4 of 4 people found the following review helpful:
4.0 out of 5 stars
An imaginative work,
By
This review is from: Empires of the Imagination: Politics, War, and the Arts in the British World, 1750-1850 (Hardcover)
Empires of the Imagination is about the impact of Britain's empire on its arts and culture between 1750 and 1850, the period when, according to the author, empire-building began to have a visual impact at home. The book roams widely, from reactions to the lost American empire to London's triumphant statuary, and via antiquity collection in the Near East to despoliation and conservation in India. Hoock meditates, for example, on public and private reactions to the loss of America as seen through memorials and painting in Britain, and its counterpart: the melting down of Georgian statues in the rebel states. He has a chapter on Anglo-French rivalry in Egypt and Egyptology. And another provides the grubby story of the acquisition of the Elgin marbles. Indeed, one of Hoock's arguments is that the state was far more involved in supplying for an imperial culture than is generally recognised, and he uses the Elgin marbles as illustration.

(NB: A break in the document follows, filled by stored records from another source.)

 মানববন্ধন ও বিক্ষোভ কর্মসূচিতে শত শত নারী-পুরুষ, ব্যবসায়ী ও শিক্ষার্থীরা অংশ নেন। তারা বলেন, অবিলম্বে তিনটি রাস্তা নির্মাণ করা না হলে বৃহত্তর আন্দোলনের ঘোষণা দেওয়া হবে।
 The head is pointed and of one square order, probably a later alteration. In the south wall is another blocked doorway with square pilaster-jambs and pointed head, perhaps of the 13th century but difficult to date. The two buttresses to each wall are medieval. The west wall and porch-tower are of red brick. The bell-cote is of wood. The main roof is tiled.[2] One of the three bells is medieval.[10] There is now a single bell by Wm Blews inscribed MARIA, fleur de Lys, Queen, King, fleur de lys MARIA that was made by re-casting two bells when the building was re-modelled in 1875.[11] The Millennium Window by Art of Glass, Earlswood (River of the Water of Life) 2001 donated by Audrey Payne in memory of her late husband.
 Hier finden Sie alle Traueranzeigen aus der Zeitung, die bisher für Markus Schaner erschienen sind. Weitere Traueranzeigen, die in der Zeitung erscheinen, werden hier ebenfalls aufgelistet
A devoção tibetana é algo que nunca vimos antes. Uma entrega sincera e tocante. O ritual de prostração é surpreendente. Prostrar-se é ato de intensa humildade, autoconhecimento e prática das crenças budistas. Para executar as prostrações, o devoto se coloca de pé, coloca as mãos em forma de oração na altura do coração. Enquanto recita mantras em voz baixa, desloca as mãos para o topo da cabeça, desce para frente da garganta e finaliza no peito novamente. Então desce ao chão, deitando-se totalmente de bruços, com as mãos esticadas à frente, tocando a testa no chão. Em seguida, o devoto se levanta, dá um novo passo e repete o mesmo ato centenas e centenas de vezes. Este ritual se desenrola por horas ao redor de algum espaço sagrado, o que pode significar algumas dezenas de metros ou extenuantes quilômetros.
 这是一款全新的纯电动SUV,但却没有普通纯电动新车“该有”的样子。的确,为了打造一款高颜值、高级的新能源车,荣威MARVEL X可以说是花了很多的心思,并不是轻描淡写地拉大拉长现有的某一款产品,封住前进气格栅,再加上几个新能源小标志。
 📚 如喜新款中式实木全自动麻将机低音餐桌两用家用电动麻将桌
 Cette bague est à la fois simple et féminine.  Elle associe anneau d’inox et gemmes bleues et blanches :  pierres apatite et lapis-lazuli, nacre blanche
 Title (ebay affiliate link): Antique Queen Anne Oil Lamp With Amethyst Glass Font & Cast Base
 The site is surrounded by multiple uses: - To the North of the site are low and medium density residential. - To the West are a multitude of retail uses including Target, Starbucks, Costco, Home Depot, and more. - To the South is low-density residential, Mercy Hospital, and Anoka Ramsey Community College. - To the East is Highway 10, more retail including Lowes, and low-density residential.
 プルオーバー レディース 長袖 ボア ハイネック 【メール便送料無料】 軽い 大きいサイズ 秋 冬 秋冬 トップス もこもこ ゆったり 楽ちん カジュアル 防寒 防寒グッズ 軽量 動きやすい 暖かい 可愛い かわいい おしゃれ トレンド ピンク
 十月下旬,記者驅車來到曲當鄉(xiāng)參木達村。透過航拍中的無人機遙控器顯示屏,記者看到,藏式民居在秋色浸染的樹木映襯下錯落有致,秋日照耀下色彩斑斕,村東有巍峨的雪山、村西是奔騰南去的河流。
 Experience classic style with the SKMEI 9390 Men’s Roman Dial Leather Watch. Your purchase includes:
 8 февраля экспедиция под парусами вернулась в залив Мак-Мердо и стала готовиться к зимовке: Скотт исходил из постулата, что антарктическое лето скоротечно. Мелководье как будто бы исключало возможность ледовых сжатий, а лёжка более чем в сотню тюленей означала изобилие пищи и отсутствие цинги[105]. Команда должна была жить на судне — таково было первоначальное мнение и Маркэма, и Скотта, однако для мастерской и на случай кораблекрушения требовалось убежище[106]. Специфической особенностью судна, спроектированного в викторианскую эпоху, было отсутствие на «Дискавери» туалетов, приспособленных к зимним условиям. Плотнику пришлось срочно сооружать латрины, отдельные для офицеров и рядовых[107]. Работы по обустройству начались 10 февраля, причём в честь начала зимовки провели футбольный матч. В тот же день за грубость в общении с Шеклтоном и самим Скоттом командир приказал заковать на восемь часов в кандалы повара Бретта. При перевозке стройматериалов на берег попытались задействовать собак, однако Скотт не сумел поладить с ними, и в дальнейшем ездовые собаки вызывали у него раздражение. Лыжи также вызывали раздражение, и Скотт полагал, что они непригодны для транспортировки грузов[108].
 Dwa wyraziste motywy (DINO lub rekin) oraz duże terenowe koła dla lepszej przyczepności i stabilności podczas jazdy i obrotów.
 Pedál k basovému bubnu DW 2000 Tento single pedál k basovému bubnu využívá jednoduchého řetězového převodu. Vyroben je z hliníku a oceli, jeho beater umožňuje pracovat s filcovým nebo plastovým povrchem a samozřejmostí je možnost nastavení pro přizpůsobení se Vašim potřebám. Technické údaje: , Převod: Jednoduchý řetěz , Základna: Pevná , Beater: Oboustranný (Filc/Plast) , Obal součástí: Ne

Hoock's work is easy to read and entertaining. Though it has footnotes and looks like a scholarly tome, it really sits between academic and popular history. It is a wider work for the informed reader, not a specialist's tract for the art historian. It deserves only one warning: while it promises to about 'the culture of power and the power of culture', the book really is far more about the first than the second. It is easier to show the impact of power on culture than the other way around, to show how power translates into monuments and museums rather than how culture produces that diplomatic missive, that act of parliament, that war decision or even a body of them. Empires of the Imagination is no exception in this respect, though, and this does not detract from its value as an interesting and valuable survey.
2 of 2 people found the following review helpful:
4.0 out of 5 stars
An involving read.,
By
This review is from: Empires of the Imagination: Politics, War, and the Arts in the British World, 1750-1850 (Hardcover)
I bought this book on the back of some glowing reviews, and I was not disappointed. The book rattled along for much of its length, and smacks of rigorous research. The part dealing with British memorials made me want to go to London to revisit sites mentioned in the text, in order to experience them with new eyes.
The written style is accessible and informed, and the tale of state acquisition of foreign treasures is well told. For this reader, the energy level that permeated the first two-thirds of the book appeared to tail off somewhat towards the end, which was a pity, as the story of changing British attitudes towards Subcontinental art and heritage is a fascinating one; perhaps the author felt on firmer ground when dealing with the Americas and Middle East/Greece, which is a more well-trodden path for western scholars. Be that as it may, I would recommend this book for its scholarly approach and ambition. It is not light reading, demanding quite close attention to the text, but it does make the reader think about the relationship between the state and how it presents its history and acquired treasures to its people. Well worth the money (at its discounted price).